_Information shown:_
^^^^^^^^^^^^^^^^

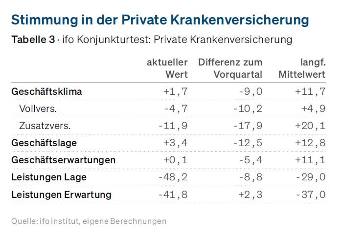 Darin fällt aber auch auf, wie pessimistisch sich die PKV-Anbieter zeigen, wenn es um die Ausgabenseite geht. Ein Index von minus 48,2 Punkten zur Lage und minus 41,8 Punkten zur Erwartung sind schon ein Wort. Offenbar befürchten die Anbieter, dass sie künftig mehr und mehr zahlen müssen.
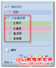 1. Outlook 2010“日历”窗口中,选中自己的日历,以及所有小组成员的日历,如1所示。
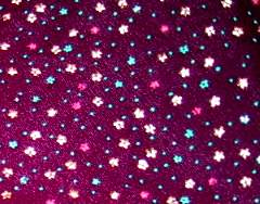こちらが生地。 (柄がとても小さくて近づいたらボケてしまった) ボルドー地に発泡した小花がとんでいます。 ユザワヤに寄った際に特価品をみつけました。 柄があるとヘタクソな縫い目が隠れて私向き! という事を、作り終わってから実感しました。 着用すると こんな感じ。

^^^^^^^^^^^^^^^^

Output all of the data word for word, excluding any pictures.

_Reply to the exercise:_
 Darin fällt aber auch auf, wie pessimistisch sich die PKV-Anbieter zeigen, wenn es um die Ausgabenseite geht. Ein Index von minus 48,2 Punkten zur Lage und minus 41,8 Punkten zur Erwartung sind schon ein Wort. Offenbar befürchten die Anbieter, dass sie künftig mehr und mehr zahlen müssen.
 1. Outlook 2010“日历”窗口中,选中自己的日历,以及所有小组成员的日历,如1所示。
こちらが生地。 (柄がとても小さくて近づいたらボケてしまった) ボルドー地に発泡した小花がとんでいます。 ユザワヤに寄った際に特価品をみつけました。 柄があるとヘタクソな縫い目が隠れて私向き! という事を、作り終わってから実感しました。 着用すると こんな感じ。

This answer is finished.